## Provided records:
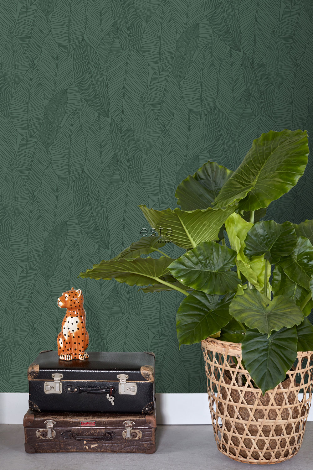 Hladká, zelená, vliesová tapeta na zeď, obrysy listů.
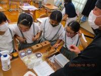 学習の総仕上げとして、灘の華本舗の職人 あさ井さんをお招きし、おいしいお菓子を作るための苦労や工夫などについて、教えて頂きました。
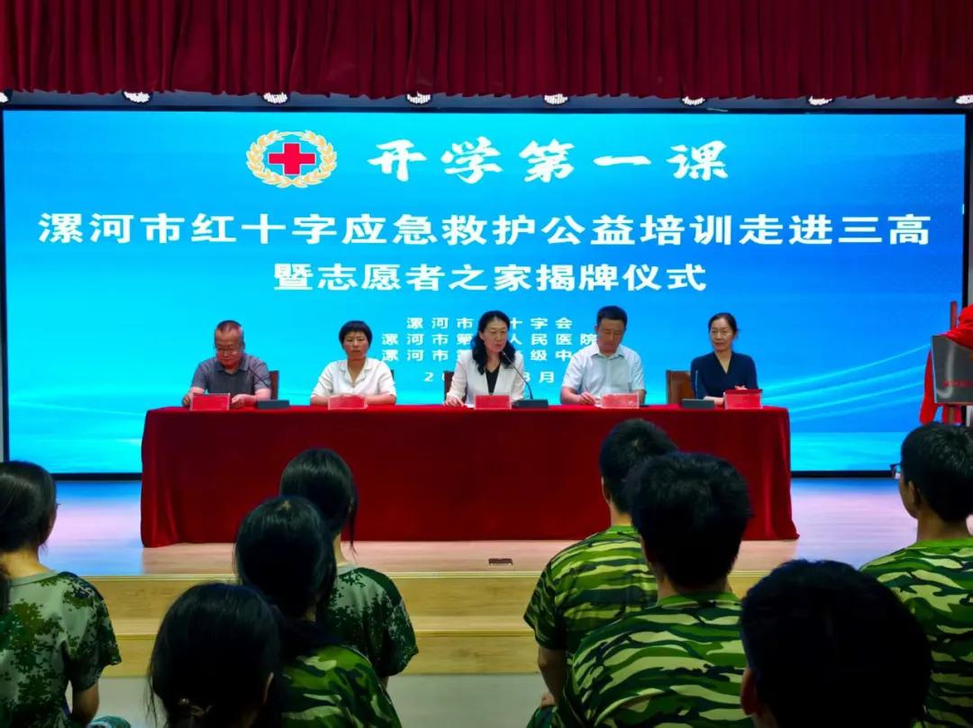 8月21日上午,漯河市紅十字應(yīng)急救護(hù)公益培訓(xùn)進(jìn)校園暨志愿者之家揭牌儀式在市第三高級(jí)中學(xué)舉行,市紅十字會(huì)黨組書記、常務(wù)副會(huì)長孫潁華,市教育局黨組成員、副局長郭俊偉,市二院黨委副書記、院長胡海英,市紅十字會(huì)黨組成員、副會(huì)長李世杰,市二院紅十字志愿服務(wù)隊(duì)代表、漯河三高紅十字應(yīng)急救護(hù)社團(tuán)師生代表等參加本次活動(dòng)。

* * *

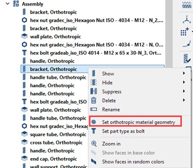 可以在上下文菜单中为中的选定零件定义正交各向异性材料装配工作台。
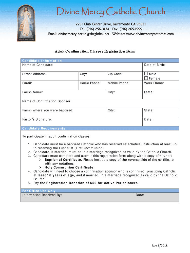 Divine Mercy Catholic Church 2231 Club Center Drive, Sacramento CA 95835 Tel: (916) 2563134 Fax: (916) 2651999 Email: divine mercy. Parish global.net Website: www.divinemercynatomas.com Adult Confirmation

## Exercise objective:
Both the line containing "可以在上下文菜单中为中的选定零件定义正交各向异性材料装配工作台。" and the line containing "Divine Mercy Catholic" above belong in the output, as do the lines between them. Print them exactly, without pictures.

## The completed task:
 可以在上下文菜单中为中的选定零件定义正交各向异性材料装配工作台。
 Divine Mercy Catholic Church 2231 Club Center Drive, Sacramento CA 95835 Tel: (916) 2563134 Fax: (916) 2651999 Email: divine mercy. Parish global.net Website: www.divinemercynatomas.com Adult Confirmation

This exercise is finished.